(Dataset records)
■ ■ ■ ■

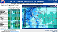 Today Sunny, with a high near 63. West wind 10 to 15 mph becoming northeast in the afternoon. Tonight Mostly clear, with a low around 27. East northeast wind around 5 mph becoming calm in the evening. Friday Partly sunny, with a high near 58. East...
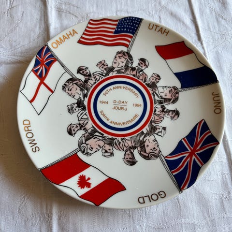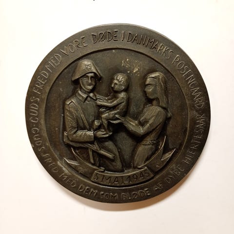 Danmarks Befrielse platte med motiv af to mænd der håndtrykker, symboliserende Danmarks befrielse. Medaljen er rund og lavet af metal med detaljeret relief. Bronze
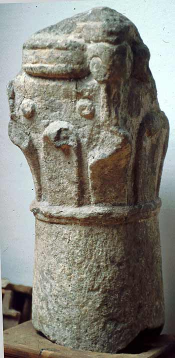 - Glatter Säulenschaft mit angearbeitetem Blattkapitell mit Eckvoluten.
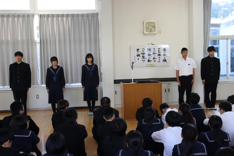 10月10日(金)、前期終業式の引き続き、中体連駅伝選手推戴式(中学生)を行いました。
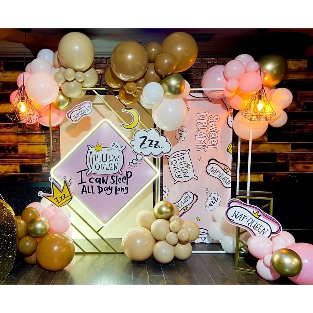 Create the ultimate Instagram-worthy corner with fun sleep-themed props and signage. This playful setup celebrates the art of napping with clever phrases like “I Can Sleep All Day Long” and “Nap Queen” surrounded by golden balloons.
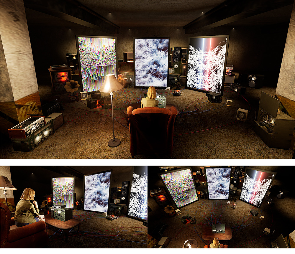 시각적 장치도 중요한 역할을 한다. 공간의 바닥에는 관객이 조작한 다이얼 값에 따라 색이 변화하는 프로젝션이 설치되어 있다. 감정이 부정에 가까울수록 바닥에는 푸른 정맥의 패턴이 나타나고, 긍정에 가까울수록 붉은 동맥의 흐름이 퍼져나간다. 또한 라디오와 스피커를 연결한 전선들은 단순한 기능적 구조가 아니라, 붉은색과 파란색의 배선으로 구성된 ‘감정의 혈관’이다. 이 배선은 기억의 흐름이자 감정의 루트로서, 작품 공간을 유기적으로 연결한다. 관객은 이 시청각적 구조물 속을 직접 걷고, 감정을 따라 이동하는 내적 여정을 경험하게 된다.

■ ■ ■ ■

WHAT IS EXPECTED: Each line of the data above needs to be retyped as it is, without any picture.

FINAL ANSWER:
 Today Sunny, with a high near 63. West wind 10 to 15 mph becoming northeast in the afternoon. Tonight Mostly clear, with a low around 27. East northeast wind around 5 mph becoming calm in the evening. Friday Partly sunny, with a high near 58. East...
 Danmarks Befrielse platte med motiv af to mænd der håndtrykker, symboliserende Danmarks befrielse. Medaljen er rund og lavet af metal med detaljeret relief. Bronze
 - Glatter Säulenschaft mit angearbeitetem Blattkapitell mit Eckvoluten.
 10月10日(金)、前期終業式の引き続き、中体連駅伝選手推戴式(中学生)を行いました。
 Create the ultimate Instagram-worthy corner with fun sleep-themed props and signage. This playful setup celebrates the art of napping with clever phrases like “I Can Sleep All Day Long” and “Nap Queen” surrounded by golden balloons.
 시각적 장치도 중요한 역할을 한다. 공간의 바닥에는 관객이 조작한 다이얼 값에 따라 색이 변화하는 프로젝션이 설치되어 있다. 감정이 부정에 가까울수록 바닥에는 푸른 정맥의 패턴이 나타나고, 긍정에 가까울수록 붉은 동맥의 흐름이 퍼져나간다. 또한 라디오와 스피커를 연결한 전선들은 단순한 기능적 구조가 아니라, 붉은색과 파란색의 배선으로 구성된 ‘감정의 혈관’이다. 이 배선은 기억의 흐름이자 감정의 루트로서, 작품 공간을 유기적으로 연결한다. 관객은 이 시청각적 구조물 속을 직접 걷고, 감정을 따라 이동하는 내적 여정을 경험하게 된다.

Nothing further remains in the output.